Part of this self-discovery and teamwork came from opening up their writing sessions. While the album was executive produced by Joel Little, 'Conscious' sees the band collaborate with the likes of Captain Cuts, the writers behind Walk The Moon’s summer smash ‘Shut Up And Dance’, rising songwriter and Troye Sivan collaborator, Alex Hope, and big-haired pop sensation, Lorde.

There’s also a completely overblown and ridiculous power ballad that features 2016’s feature artist du jour, Tove Lo. “I can remember when we did it,” Caleb recalls. “We were at Neil Finn's recording studio and I was working on production for the Troye Sivan song we featured on. Georgia was just mucking around the studio and she was like, ‘Oh, I've written something.’ She played it to me and it was the start of 'Freak of Nature' and I was like, ‘Fuck!’ And we put it down then and there.”

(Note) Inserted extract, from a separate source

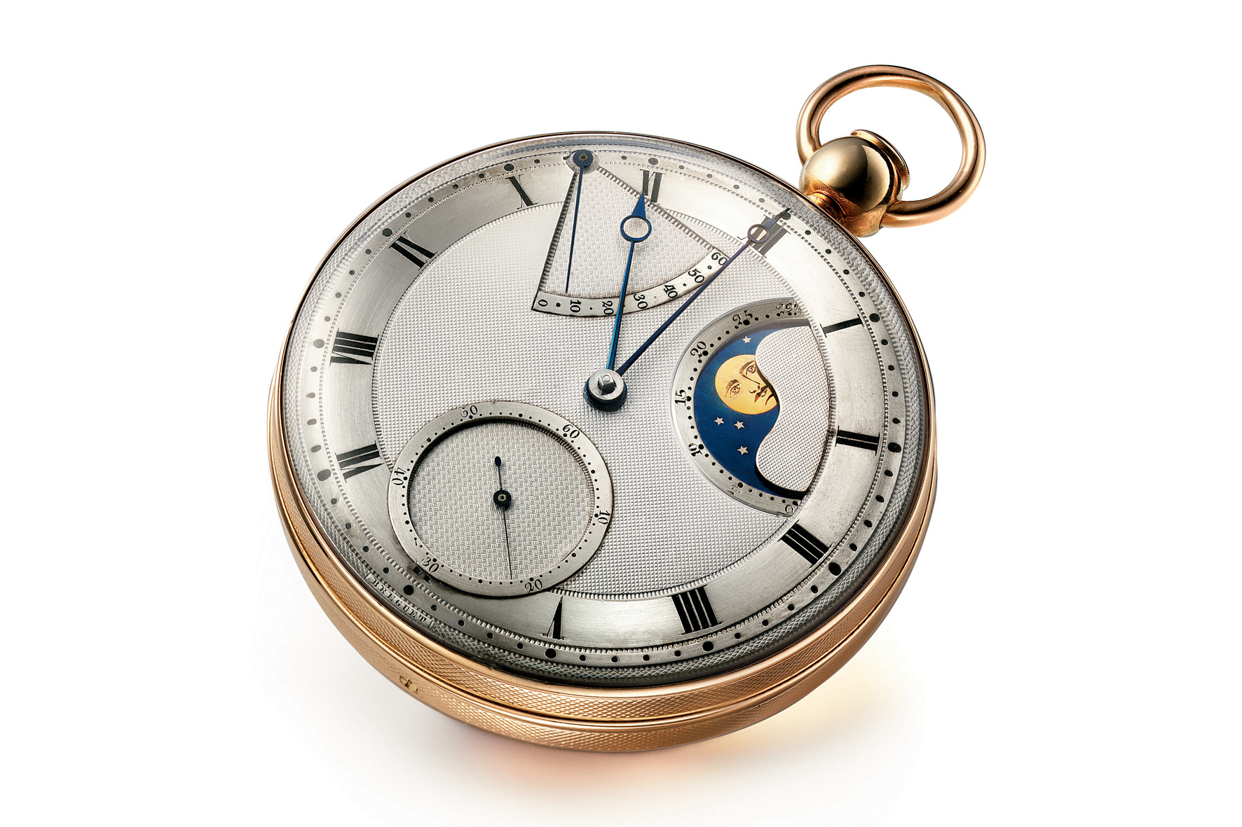 The dial of the Classique 7337 features delicate patterns: circular grain d’orge barley grain for the edges of the hours chapter, damier checkerboard for the small seconds at 5 o’clock and Clous de Paris hobnailing in the center. Engraved clouds bordering the lacquered sky of the moon-phase indicator at 12 o’clock, dotted with sparkles, are evocative of the Milky Way. Breguet has remodeled the golden disc depicting the moon in shiny relief and matte grooves. At 10 o’clock and 2 o’clock, two apertures, with shapes reminiscent of those of historic models such as pocket watch No.3833, show the day and the date.

Tove’s involvement came six months later after they all met at a festival and Georgia played her the song. “She recorded it in her hotel,” Caleb explains, clearly impressed. “We’ve listened to some of her new music,” Caleb tells me boastfully. “I think it’s going to change pop.”

Broods ft. Tove Lo - Freak Of Nature

"We’ve become a team on this album."

— Caleb Nott, Broods

Like Tove Lo, Caleb and Georgia are deeply aware of the mounting pressures in the current climate of music’s hit or miss, flop or success mentality. While there’s the pressure to succeed commercially, social media has opened up a plethora of other issues. “Not only is it such a heavy career with so much pressure on you, but it's also the way that creative people are to start with. Creative people have a different thought process. When you don't have the time or the room to look after yourself it can affect you,” Georgia says, a worryingly knowing statement for someone only two albums into their career. “You see how many amazing musicians have crumbled and taken their own lives because it's just so much. People see this body, this voice and music, but they don't think about the person underneath.”

“The thing that drives me nuts these days is that people don't even want to talk to artists,” Caleb continues. “They don't want to talk to you, they just want a photo with you. That's it. I totally understand Bieber’s reluctance to take photos.”

That’s not to say that the pair are constantly hassled by fans. Rather, they’re close to their supporters, a relationship Georgia puts down to the honesty of their music, with songs like ‘Bedroom Door’ and ‘Worth The Fight’ reminding listeners why they fell for the pair in the first place. “This album deals with a lot of personal stuff I feel that people should be able to talk about,” she says. “Because of that you kind of attract honest fans that really appreciate that vulnerable side to you. I think it's just important for people to be open about that kind of shit and it makes a better relationship with you and your fans.”

On a roll, she continues: “We wanted to make something, a song and an album, that had some essence to it, that was addressing things that aren't addressed in pop music that much. I can't stand songs that are about nothing, because I'm a lyricist. All the songs I connect to are the heavy songs about dark things. Really hard hitting lyrical content. Yeah, it's pop music, but it's got something more. You can hear in the album there's not one song about going to 'the club'. I never fucking say ‘club’. Some people do get a lot out of those songs, but I'm just not one of them. I feel like there's enough of that out there, I don't need to add to the club songs.

“I really like the connection that gets made when people listen to the music when it's personal,” she adds. “That's the most rewarding thing when someone tells you exactly where they're coming from. It's probably the biggest satisfaction you can get as an artist as I understand it."

Broods’ new album ‘Conscious’ is out now via Island Records.